Jigawa school for the blind abandoned, official says students prefer begging

Entrance for the school of the blind located at Limawa community Dutse LGAs
Entrance for the school of the blind located at Limawa community Dutse LGAs

The Jigawa State school for the blind has become virtually unattended with an official suggesting visually impaired children prefer begging to school.

The school was founded in 2013 to cater for blind children across the state.

The boarding school, located at Limawa community in Dutse Local Government Area, is for the enrollment of blind children for basic-level education.

The school, located in the state capital Dutse, has 66 pupils formally registered, said the vice-principal, Husseini Mahmud. However, the official added that only 10 pupils who reside nearby appear for schooling.

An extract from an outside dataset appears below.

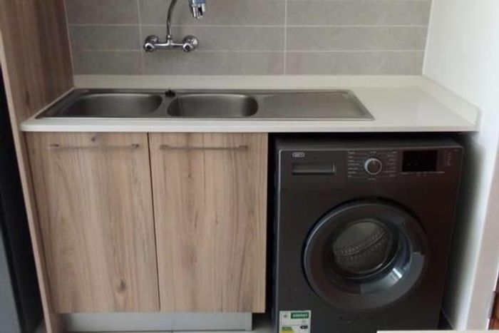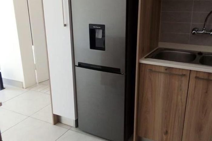 Convenient Midrand living near Sandridge Shopping Center and schools, with a modern kitchen and open-plan sitting room in a secure complex with 24/7 surveillance — two bedrooms, one bath, single garage.

Mr Mahmud said currently there are four students at the junior secondary section, while there are six pupils at the primary section.

In Nigeria’s public education system, junior secondary and primary schools form basic education. The junior secondary school students will move to the senior section after they finish their junior secondary, said Mr Mahmud.

Officials Give Reasons

Explaining the reason for low attendance, the director of works at the state basic education board, Alhassan Marke, said, “Probably because of the lucrative nature of begging in our society, or because an educated blind man has not been a model in the society. I doubt if there are ten blind people working in Jigawa State.

“The major challenge for the school of the blind is enrolment. We’re doing our best, we will not relent in our efforts. Some of the blind people see the school as alien. Most of them see themselves as people destined to beg for survival.”

He lamented the development, despite “a concerted effort by the state government and critical stakeholders being put in place to enlighten the blind about the existence and imperative of the school in the state.”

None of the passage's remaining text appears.